It's the cosiness that draws you into theatre designer Kai Fischer's moodily lit installation and performance piece.
The listener might never guess where the words being uttered in such soothing female tones through speakers attached to a series of wooden platforms are taken from.
Once you realise they are drawn verbatim from the catalogue for the Nazi-organised Degenerate Art Exhibition that took place in Munich in 1937, the piece takes on a new measure of seriousness. The exhibition, organised by Adolf Hitler and his cronies, aimed to deride and discredit anything the state could not control or understand.
As the sensors that operate each speaker are triggered whenever a viewer draws close, the gentlest of cacophonies comes gradually and shockingly into focus. When performers Pauline Goldsmith and Pauline Lockhart draw the audience into what initially resembles a children's storytelling session, the content of their sing-song conspiracy is even more chilling.

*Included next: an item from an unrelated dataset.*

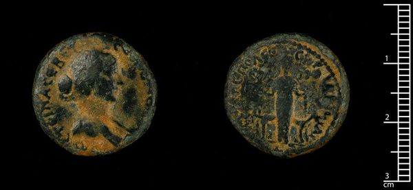 Curator: This copper coin, a later imitation of a Follis of Herakleios, was crafted in Baalbek during the Umayyad dynasty, carrying a weight of approximately 4.33 grams. It looks incredibly worn. Editor: It certainly does. At first glance, it evokes a feeling of resilience, given its age and visible wear, yet the design hints at the power dynamics at play during its creation. Curator: Precisely. Examining this coin within its socio-political context, we see how Abd-al-Malik, as caliph, utilized existing Byzantine currency designs, subtly adapting them to reflect the shift in power and the rising Islamic influence. Editor: The act of imitation itself speaks volumes. Who is being represented, who is being excluded? It opens up broader questions of cultural appropriation and the construction of identity in the wake of conquest. Curator: Absolutely. The coin’s imagery, while drawing on Herakleios’ iconography, also marked a visual shift towards the Umayyad dynasty's own brand of authority. Editor: Such a small object, and yet it presents layers of narratives about power, identity, and cultural exchange that continue to resonate today. Curator: It’s fascinating to consider how this small piece circulated, influencing perceptions and normalizing a new political reality. Editor: It truly highlights how art can act as a quiet, yet impactful agent of change.

Goldsmith, Lockhart and the disembodied voices talk of work being made by "lunatics" and "cretins" with the casual contempt which these days are usually the preserve of those who treat the Turner Prize as if it's a joke. The fact the women here are denigrating works by Picasso, Paul Klee and others who recognised an abstract world beyond the Nazis' Aryan vision says much about the 1937 exhibition's anti-intellectual stance.
With sound design by Matt Padden, Fischer has made a major statement on the dangers of how an oppressive state reduces things to a lowest common denominator.